According to an embodiment of the present disclosure, a triggering event may be when the IMU sensor 216 (FIG. 5) i.e. an accelerometer detects no movement for a predetermined amount of time, e.g., 15 minutes, and/or after a predetermined amount of time has passed since the last triggering event occurred. One of ordinary skill in the art will appreciate that other triggering events may be used depending on, for example the user's preferences, type of tool, etc. Upon the occurrence of a triggering event, the location module 210 and the cellular modem 214 turn on to determine the location of the tool 100. The cellular modem 214 attempts to use A-GPS to acquire satellite locations in order to improve Time-To-First-Fix (TTFF). The location module 210 then interprets satellite signals from GPS technologies as discussed above to determine the latitude and longitude coordinates. While the cellular modem 214 is acquiring satellite locations via A-GPS, the cellular modem 214 may also be checking the Tower Atlas to determine if nearby cell tower locations are known. Multilateration of cell towers may then be used to improve accuracy of the determined location. After a set amount of time, e.g., 2 minutes, the sequence for determining the tool's location is repeated in an attempt to improve the accuracy of the determined location. The cellular modem 214 may then transmit the location, date/time, and a value representing the remaining charge on the internal battery to the cloud computing system 12 and database 14.

According to another exemplary embodiment, the IMU sensor 216, e.g., an accelerometer, may be used to determine whether the tool 100 is moving, i.e., being moved, or stationary. If stationary, the components, e.g., transceivers and processors, are allowed to sleep or power down, or extend wake intervals, to conserve power, and the communication controller 200 can periodically emit a transmission to its paired mobile computing devices 20 using the Bluetooth Low Energy (BLE) transceiver or other known technique and/or emit a transmission to its database 14 using LPWAN.

As described herein, the tool 100 according to the present disclosure is capable of communicating with multiple mobile computing devices 20 via, for example, Bluetooth or Wi-Fi technology to receive system information from the tool 100, such as GPS location of the tool and/or crimp history associated with the tool 100. It is noted that the tool 100 of the present disclosure contemplates using other RF technologies for communication, including sub-gigahertz technologies and radios. The communication controller 200 may also be configured to connect to a mobile computing device 20 and upload system information to the mobile computing device 20 via a mobile app over Bluetooth.

As shown throughout the drawings, like reference numerals designate like or corresponding parts. While exemplary embodiments of the present disclosure have been described and illustrated above, it should be understood that these are exemplary of the disclosure and are not to be considered limiting. Additions, deletions, substitutions, and other modifications can be made without departing from the spirit of the present disclosure. Accordingly, the present disclosure is not to be considered as limiting by the foregoing description.

Claims

1. A tool tracking system comprising: a location module, configured to receive location information used to determine a tool's location;a communication controller configured to communicate with at least one of a mobile computing device and a cloud-based computing system; andwherein upon a triggering event, the communication controller transmits at least one of the received location information and the tool's location to the at least one mobile computing device and the cloud-based computing system.

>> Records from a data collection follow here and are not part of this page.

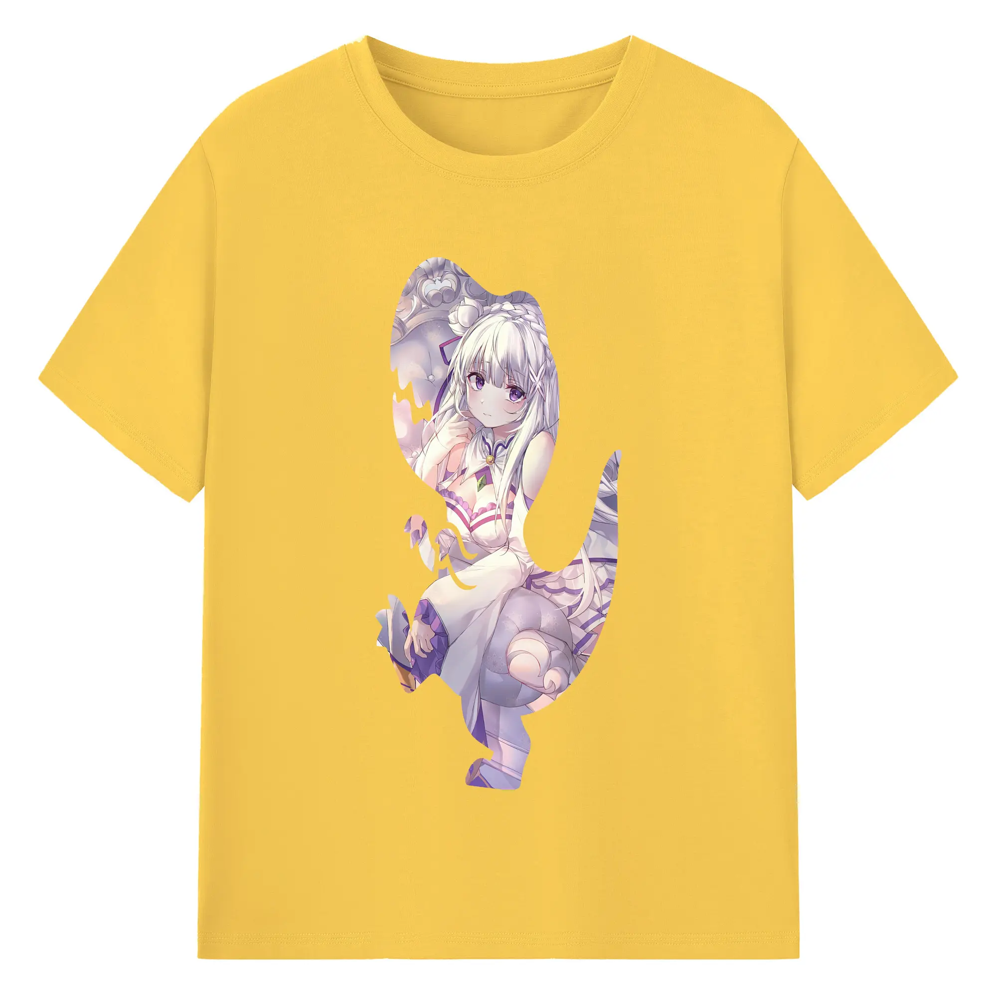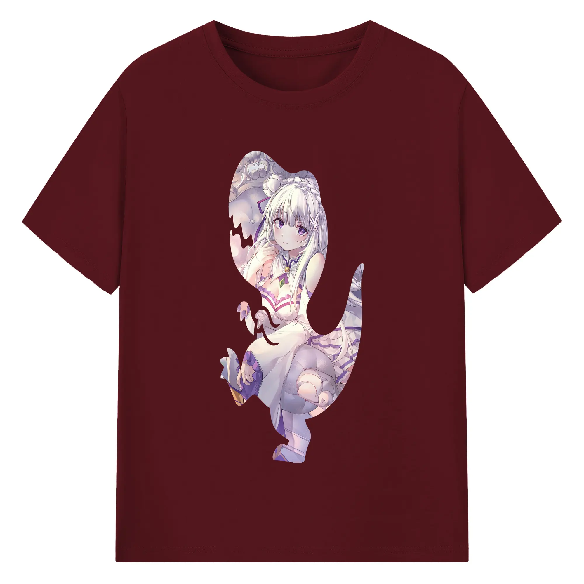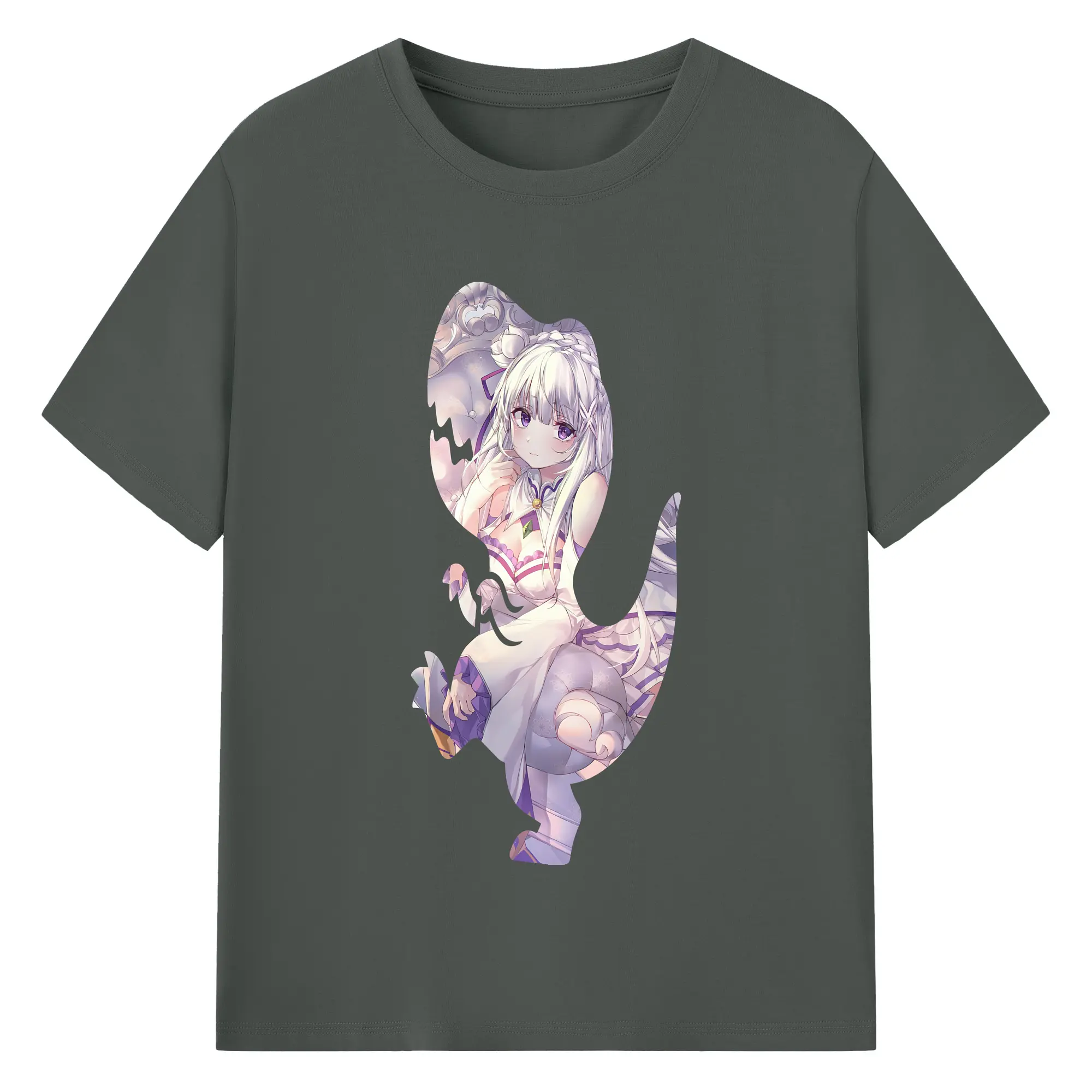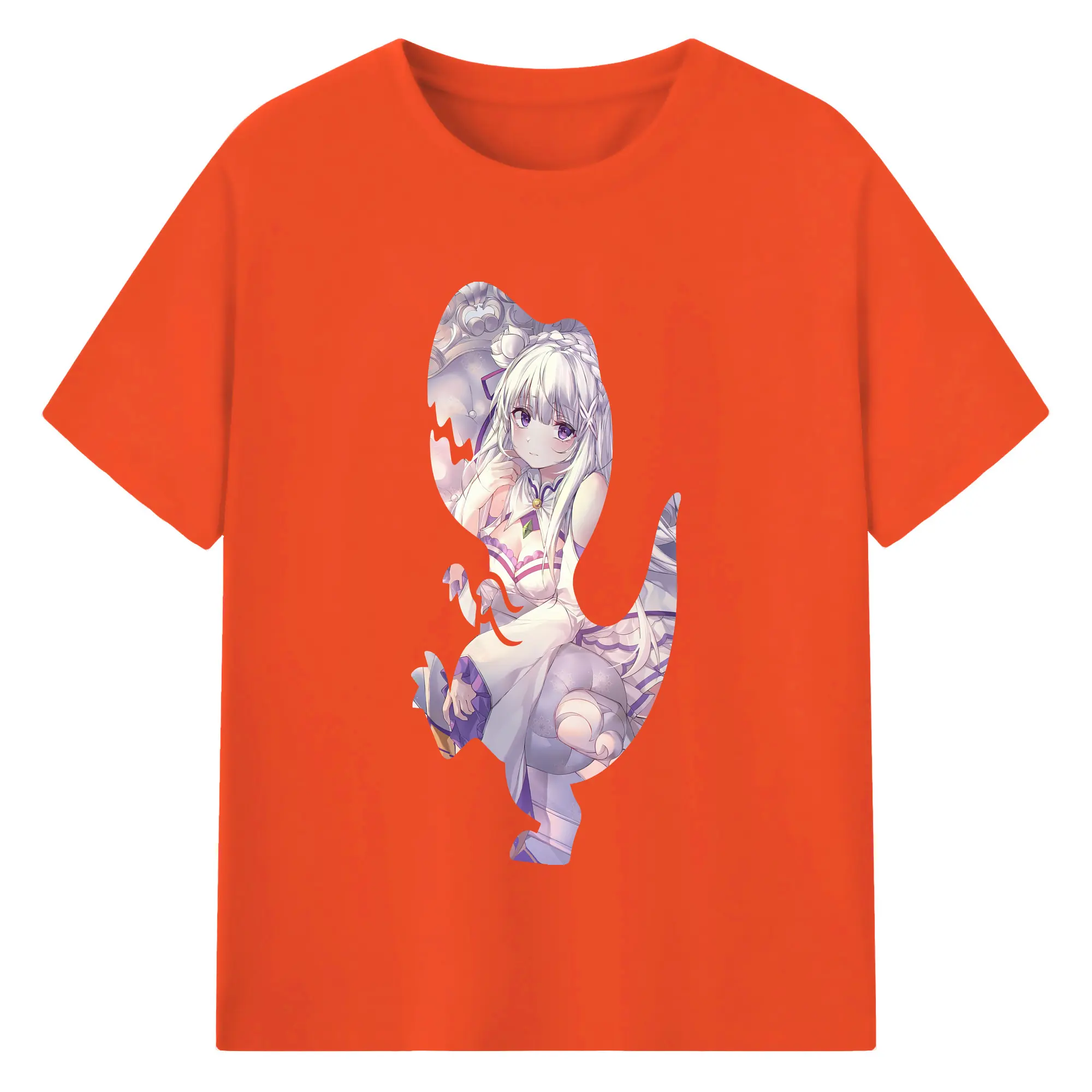 リゼロ グッズ エミリア - 綿100% 半袖Tシャツ ・ バックプリント ・ 快適 通気性 ・ 日常使い 散歩 スポーツ用
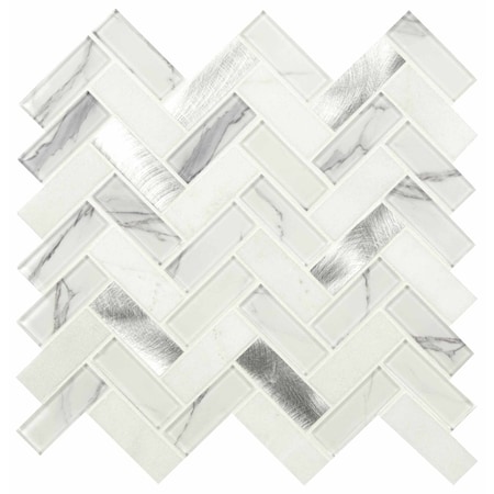 Bytle Bianco Herringbone Sample Sample Textured Multi-Surface Mesh-Mounted Mosaic Tile
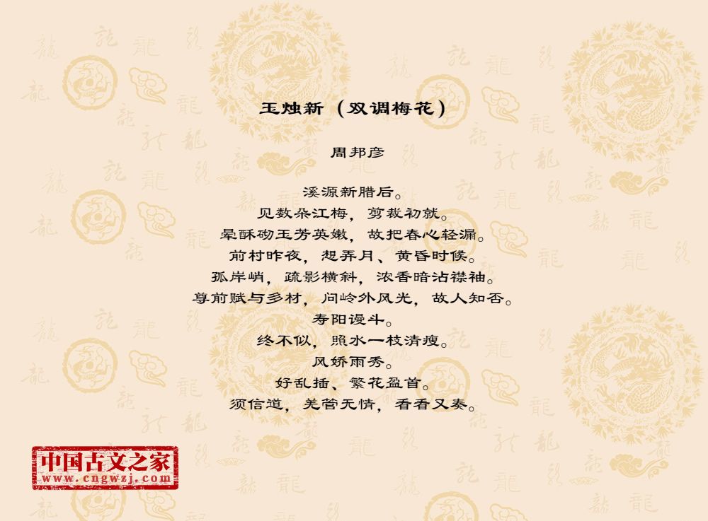 溪源新腊后。见数朵江梅,剪裁初就。晕酥砌玉芳英嫩,故把春心轻漏。前村昨夜,想弄月、黄昏时候。孤岸峭,疏影横斜,浓香暗沾襟袖。尊前赋与多材,问岭外风光,故人知否。寿阳谩斗。终不似,照水一枝清瘦。风娇雨秀。好乱插、繁花盈首。须信道,羌管无情,看看又奏。
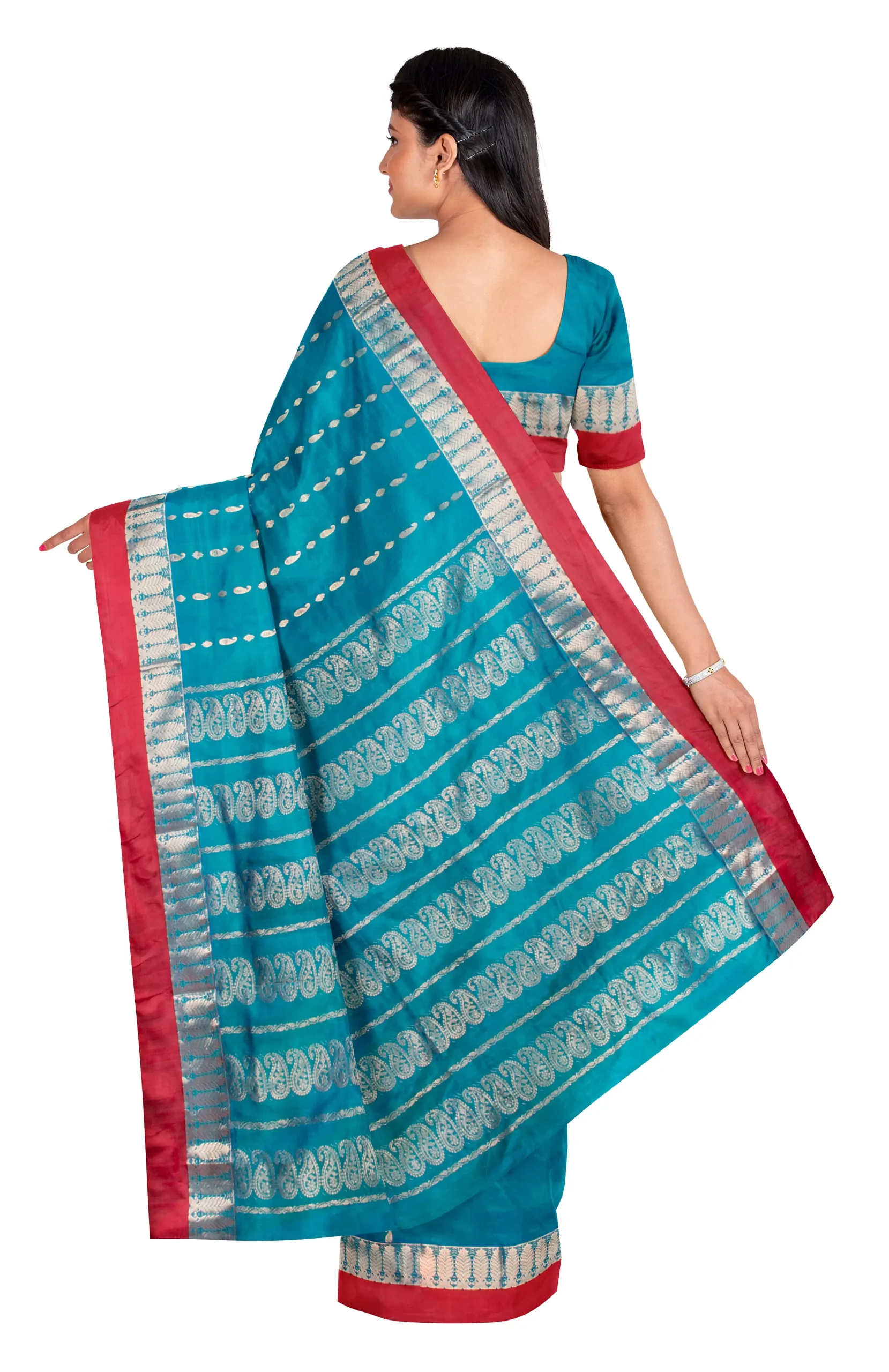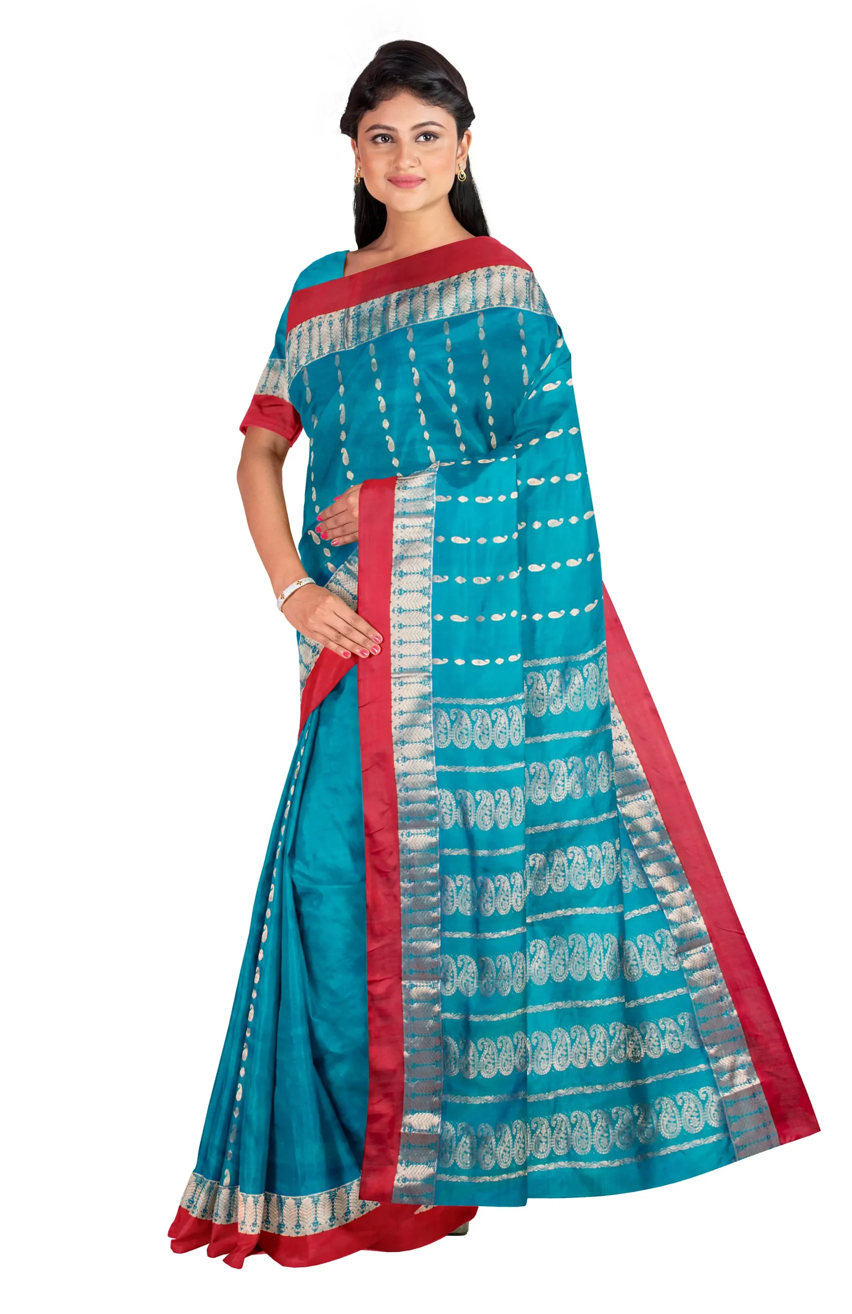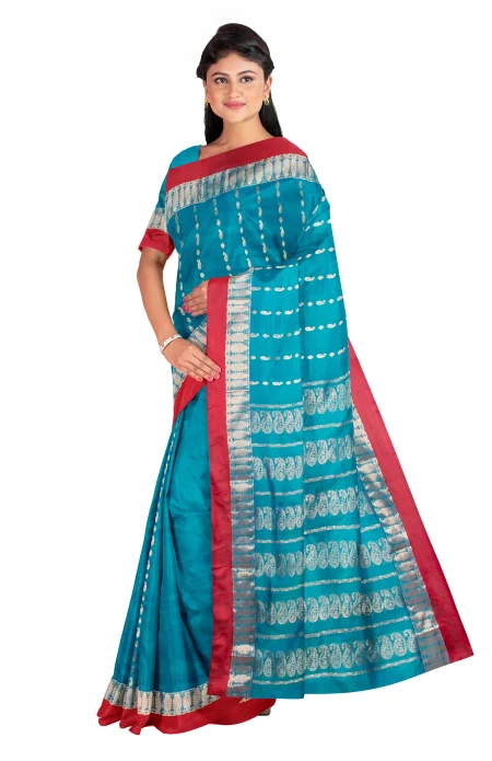 Garod is literally a variety of silk. Bengal’s quintessential Garod saree is characterised by plain red borders set against a smooth natural ground with widely spaced motifs (generally paisleys) scattered diagonally from feet to waist. Women of Bengal prefer Garod sarees during the pujas. A weaver takes around 4-5 days to produce an exquisite Garod saree.

2. The tool tracking system according to claim 1, wherein the communication controller further comprises a user input configured upon activation to transmit system information from a tool to a cloud-based computing system.

3. The tool tracking system according to claim 1, wherein the communication controller further comprises a motion sensor configured to detect whether a tool is stationary or non-stationary.

4. The tool tracking system according to claim 3, wherein the motion sensor is an accelerometer.

5. The tool tracking system according to claim 1, wherein the communication controller further comprises a rechargeable battery configured to provide power to the communication controller in the absence of another power source.

6. The tool tracking system according to claim 1, wherein the short-range communication module is configured to employ a Bluetooth Low Energy communications protocol.

7. The tool tracking system according to claim 1, wherein the short-range communication module is configured to employ an IEEE 802.11 wireless local area network protocol.

8. The tool tracking system according to claim 1, wherein the cellular modem utilizes a low power wide area network radio technology standard.

9. The tool tracking system according to claim 8, wherein the low powered wide-area network is operable according to Cat-M or NB-IoT protocols.

10. The tool tracking system according to claim 1, wherein the communication controller is configured to be removably mounted to a tool.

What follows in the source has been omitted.